With this new view, we can make a table listing the number of know viruses between the species of hosts and the families of viruses:

req = """
SELECT
    Host, VirusFamily, COUNT(Virus) AS Number
FROM
    hostedges
GROUP BY
    Host, VirusFamily
ORDER BY
    Number DESC
LIMIT 20;
"""
get_num_viruses = DBInterface.execute(db, req)
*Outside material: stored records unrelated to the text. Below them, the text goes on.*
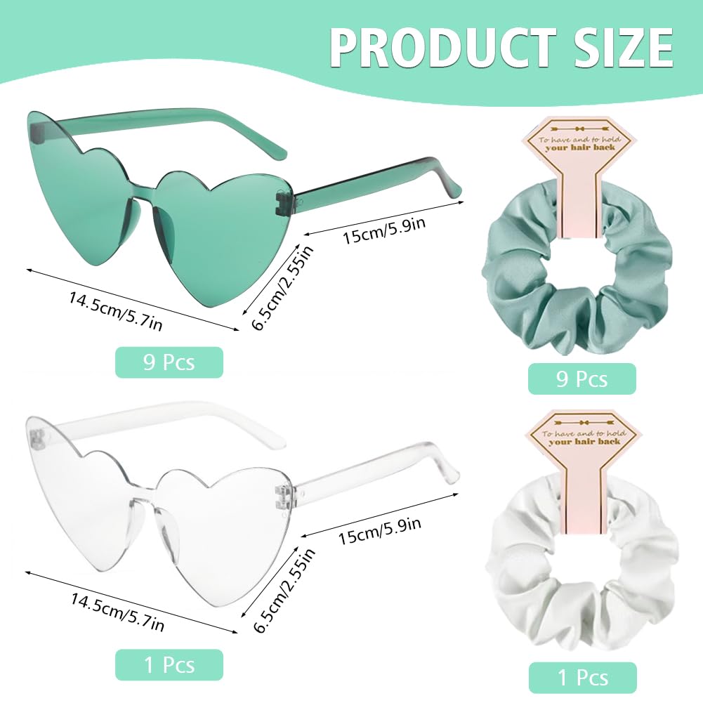 Mach die nächste Junggesellinnenabschied-Party zum absoluten Highlight mit diesem 20-teiligen JGA-Brillen-Set! Enthalten sind 10 herzförmige Sonnenbrillen (1 weiß, 9 grün) und 10 passende Armbänder.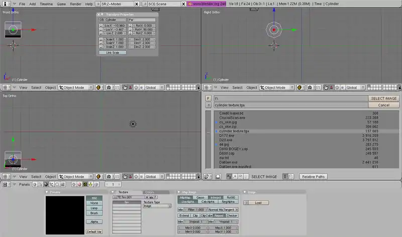 Now save your work (Name your file 'cylinder') and export the model to Trainz. File/Export/Trainz Export. Copy the cylinder.im file, texture and texture.txt file into a wagon object clone such as kuid:86627:1792 available on the Trainz Download Station. The wagon object should show up in Trainz. Note the sample kuid has two cylinders so if you see one you have been successful.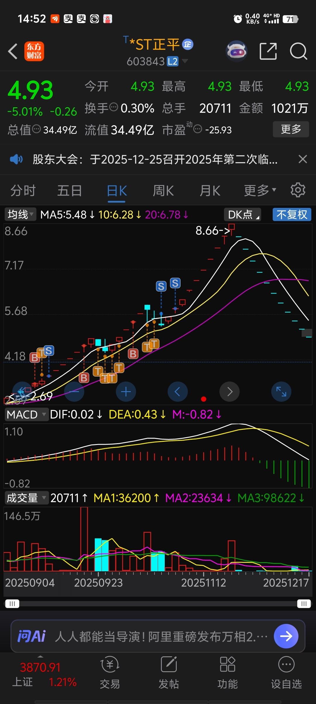 $*ST正平(SH603843)$ 从翻一倍到利润只剩20个点了,实在是扛不住了,以后11月份就要退出st板块了。不要看底牌,不要去赌,见好就收 ,正平,东易 这波教会我们一定一定要时时刻刻敬畏市场。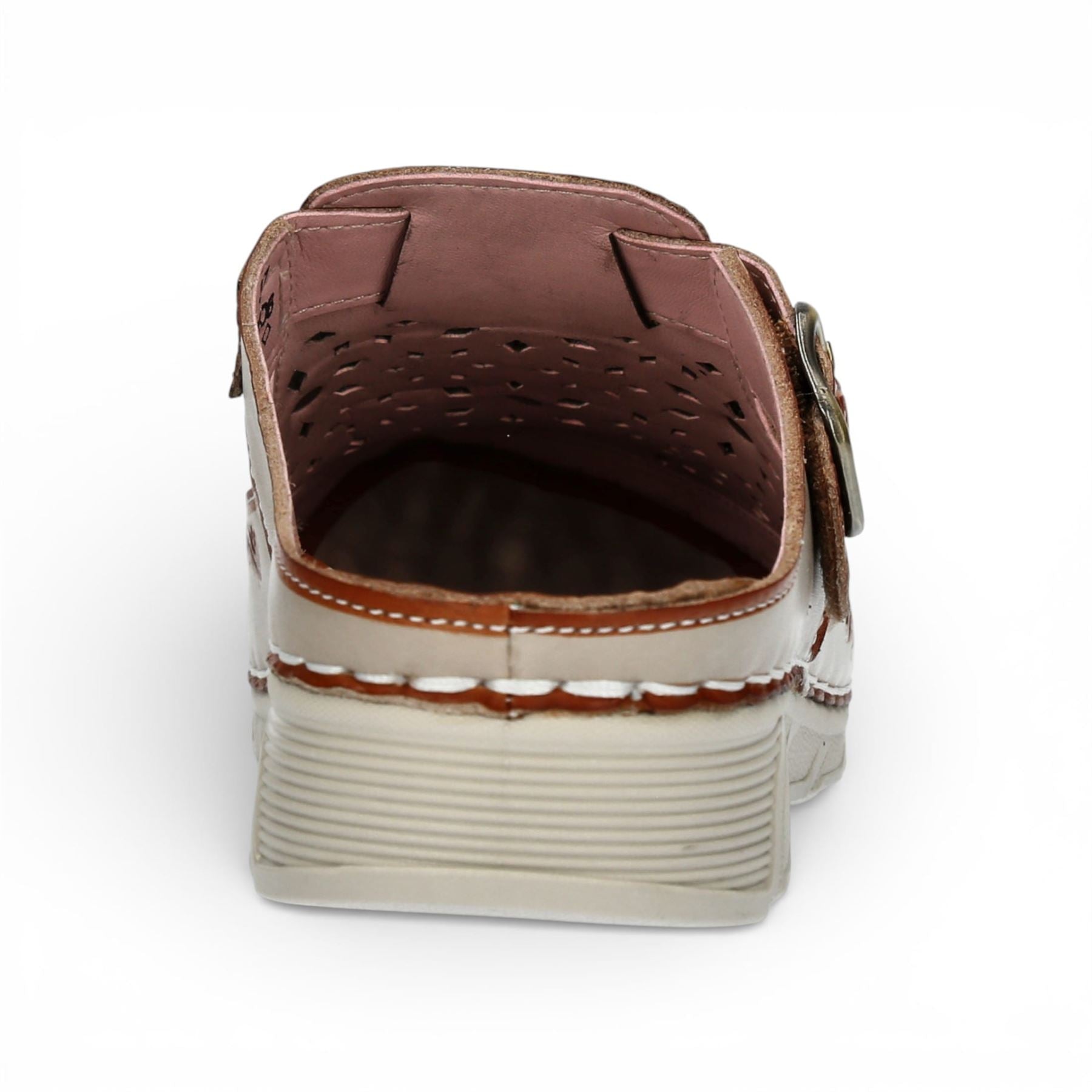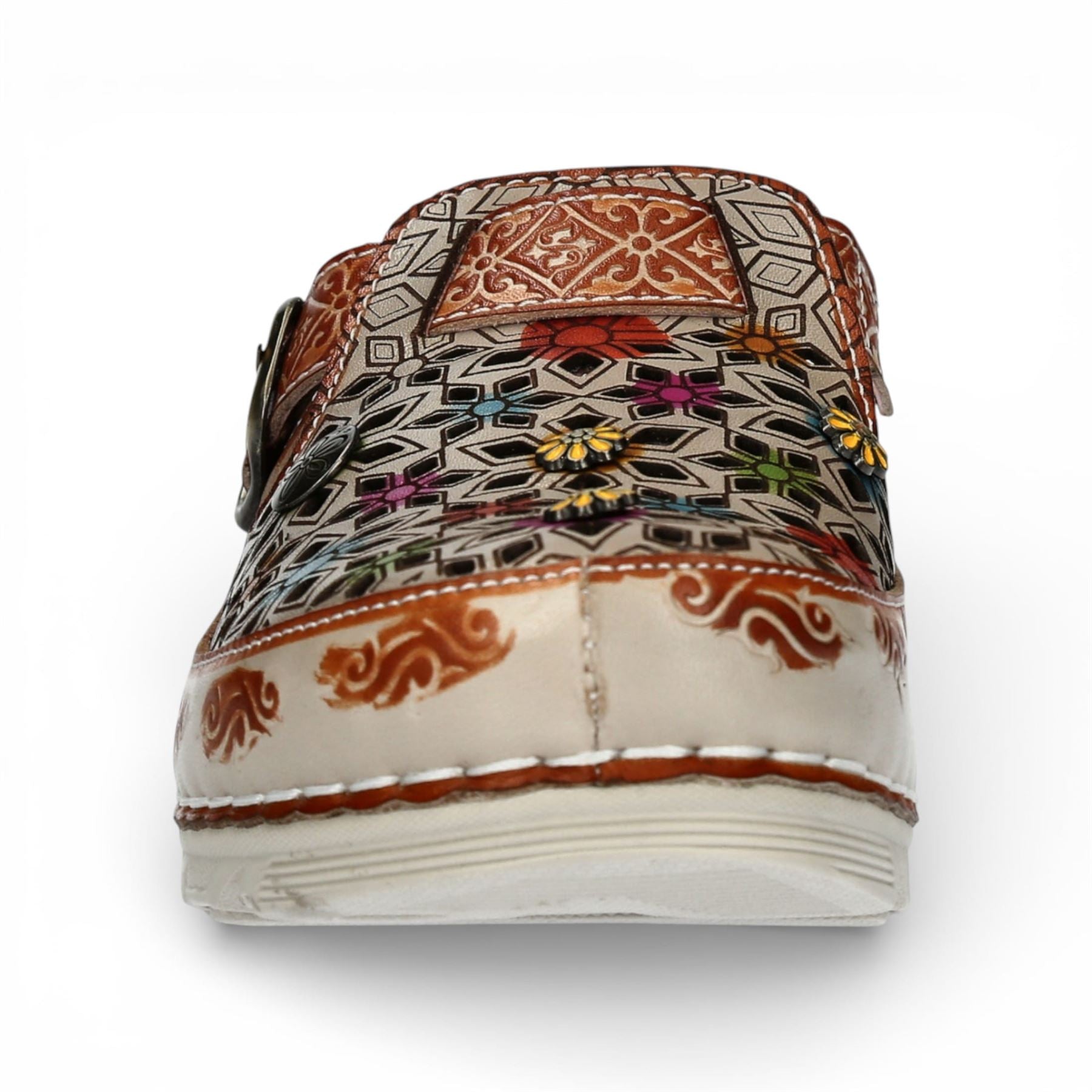 Step into everyday elegance with Laura Vita Dorry 01 Floral Leather Slipper Sandals. Crafted from premium leather, they feature a cushioned leather insole, soft polyurethane lining, and stable wedge heel. The floral upper adds charm, while the slip-on Velcro design ensures comfort, support, and effortless wear from morning to evening, with reliable grip, balanced height, and lasting durability for confidence.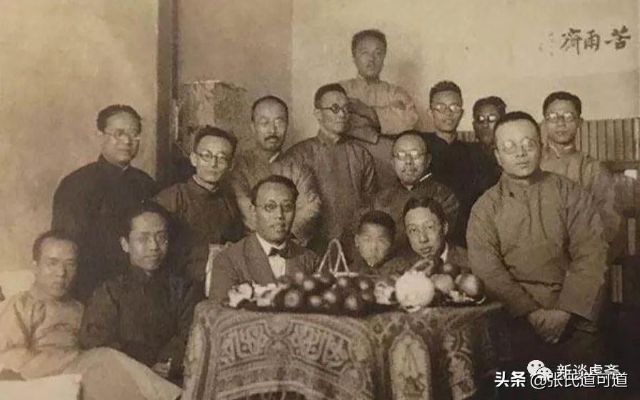 这是1929年元旦,在苦雨斋聚会喝日本屠苏酒的合影留念。北大“三沈”到齐,“五马”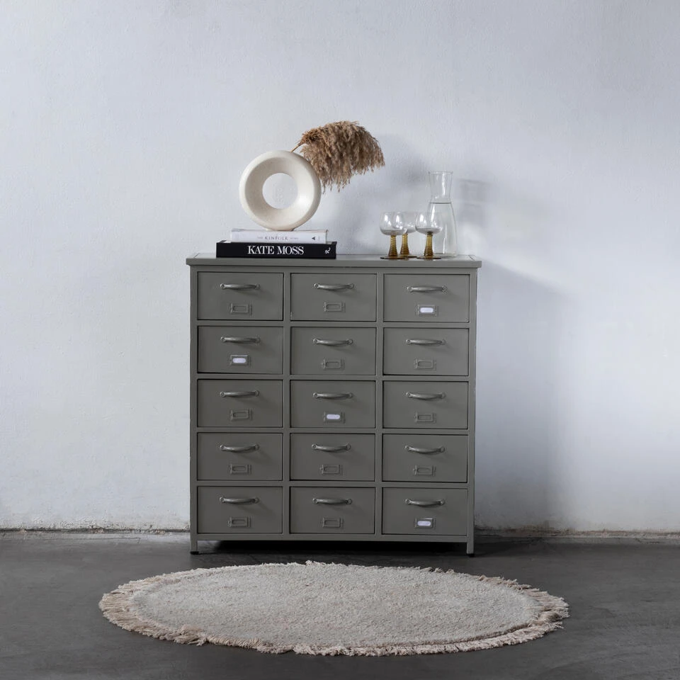 Ben je op zoek naar een industrieel meubel? Dan is Ladekast Industrieel 15 Laden misschien iets voor jou! De ladenkast is gemaakt van staal wat zorgt voor een stoer uiterlijk. Door de grote hoeveelheid lades kun je jouw spullen gemakkelijk sorteren. Of je deze ladenkast nu in jouw hal neerzet of in jouw woonkamer, Ladenkast Industrieel komt overal goed tot zijn recht. De ladenkast is 88cm breed en heeft genoeg ruimte om verschillende spullen op te bergen. De binnenmaat van de laden zijn 24cm breed, 32cm diep en 13cm hoog. Ladenkast Industrieel is ook verkrijgbaar in de kleuren zwart, wit, metal en taupe. Onze kasten bestaan uit één geheel en zijn daardoor geen bouwpakket. De kasten zijn gemaakt van massief staal waardoor de kwaliteit en de levensduur gewaarborgd is. Het enige wat je hoeft te doen is de kast uitpakken en op de gewenste plek neerzetten. Je kunt gemakkelijk en snel genieten van je Giga kast!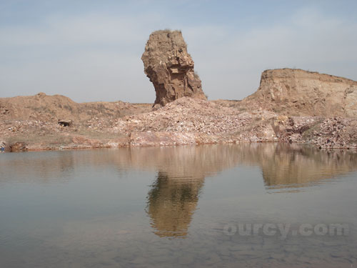 在该山西北侧的山谷里,一块近二十米高的柱状岩石突兀林立。从南面五十米处望去,岩石上方呈现一张巨大的狮面轮廓,惟妙惟肖,巧夺天工。狮面与下面的石头浑然一体,使狮子愈发显得威猛无比,气势不凡。石狮映在前面清澈见底的水塘中,亦真亦幻,让人啧啧称奇。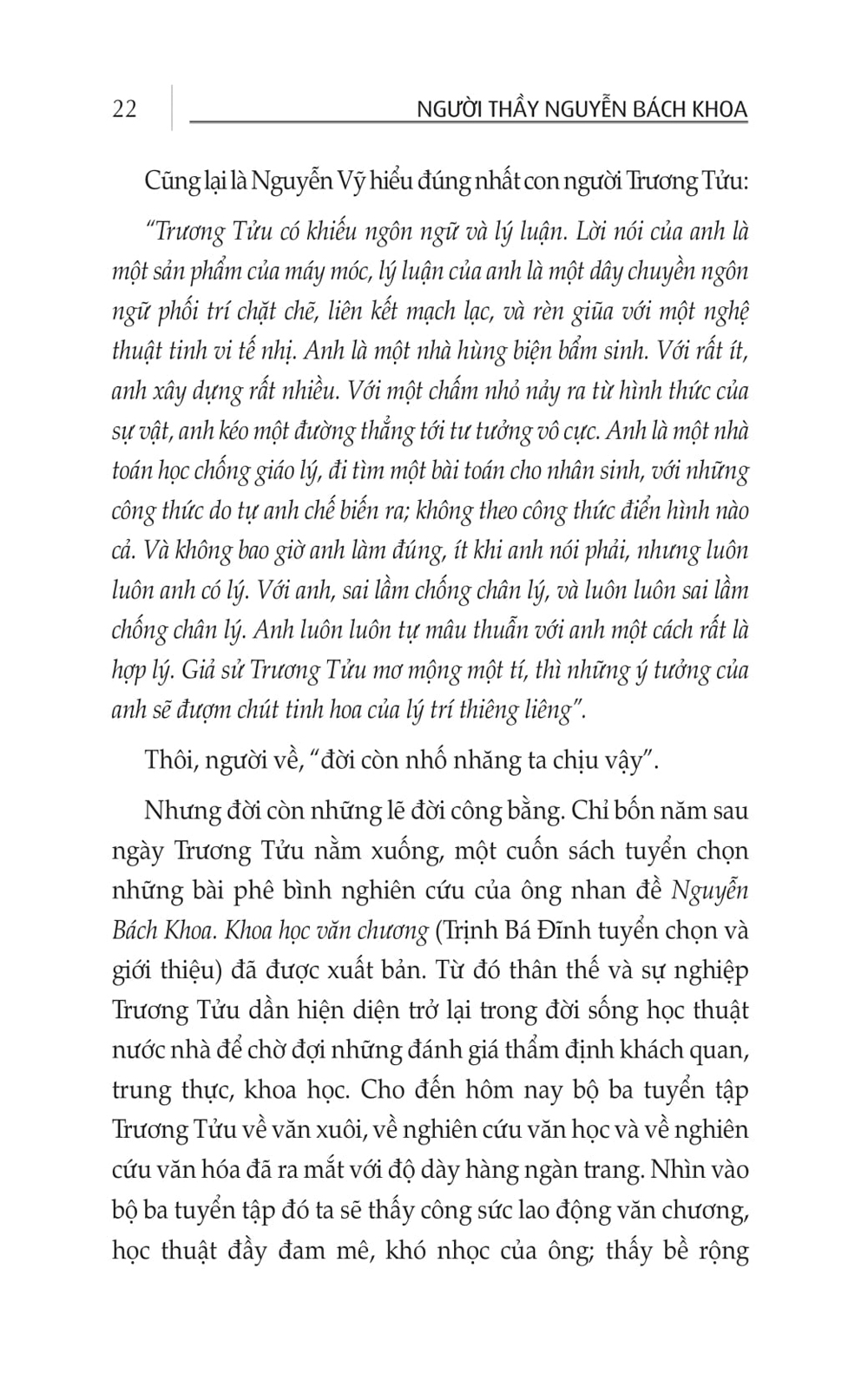 Mua tại TiktokNhà văn – Giáo sư Nguyễn Bách Khoa – Trương Tửu (1913-1999) là một trong những nhà lý luận phê bình tài ba nhất của thế hệ tiền chiến, một trong những người đi tiên phong trong lãnh vực phê bình văn học, ông còn sáng tác một loạt tiểu thuyết. Người thầy Nguyễn Bách Khoa là những trang viết về cuộc đời và sự nghiệp, những nghiên cứu học thuật và sáng tác, những hồi ức, kỷ niệm về ông…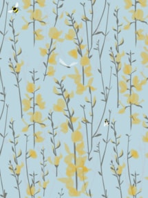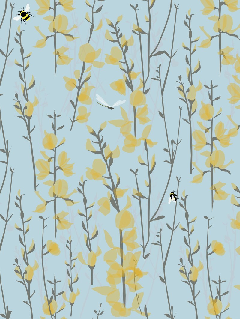 Busy bees collecting nectar, buzzing around their favourite blooms and flying through bright blue skies - the essence of British Summertime. Lorna was inspired to create this uplifting and relaxing design at her honeymoon hideaway in rural Leicestershire.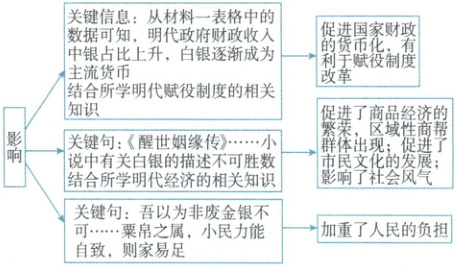 (2)影响:建议从白银货币化对国家财政、赋役制度改革,社会商品经济的发展、市民文化和社会风气,以及对人民的影响等几个角度进行分析。

DataFrame(get_num_viruses) |> pretty
Host VirusFamily Number
macaca mulatta picobirnaviridae 320
macaca mulatta papillomaviridae 55
macaca mulatta adenoviridae 32
pan troglodytes picornaviridae 29
pan troglodytes adenoviridae 27
macaca mulatta parvoviridae 25
pan troglodytes herpesviridae 25
macaca mulatta picornaviridae 23
pan troglodytes polyomaviridae 18
macaca fascicularis herpesviridae 17
macaca mulatta astroviridae 17
gorilla gorilla adenoviridae 14
macaca mulatta herpesviridae 14
macaca mulatta retroviridae 13
chlorocebus aethiops herpesviridae 13
saimiri sciureus herpesviridae 13
chlorocebus aethiops paramyxoviridae 12
gorilla beringei adenoviridae 12
gorilla beringei herpesviridae 12
gorilla gorilla herpesviridae 12

That’s it! DuckDB is definitely really nice, and I am going to integrate it in my workflow.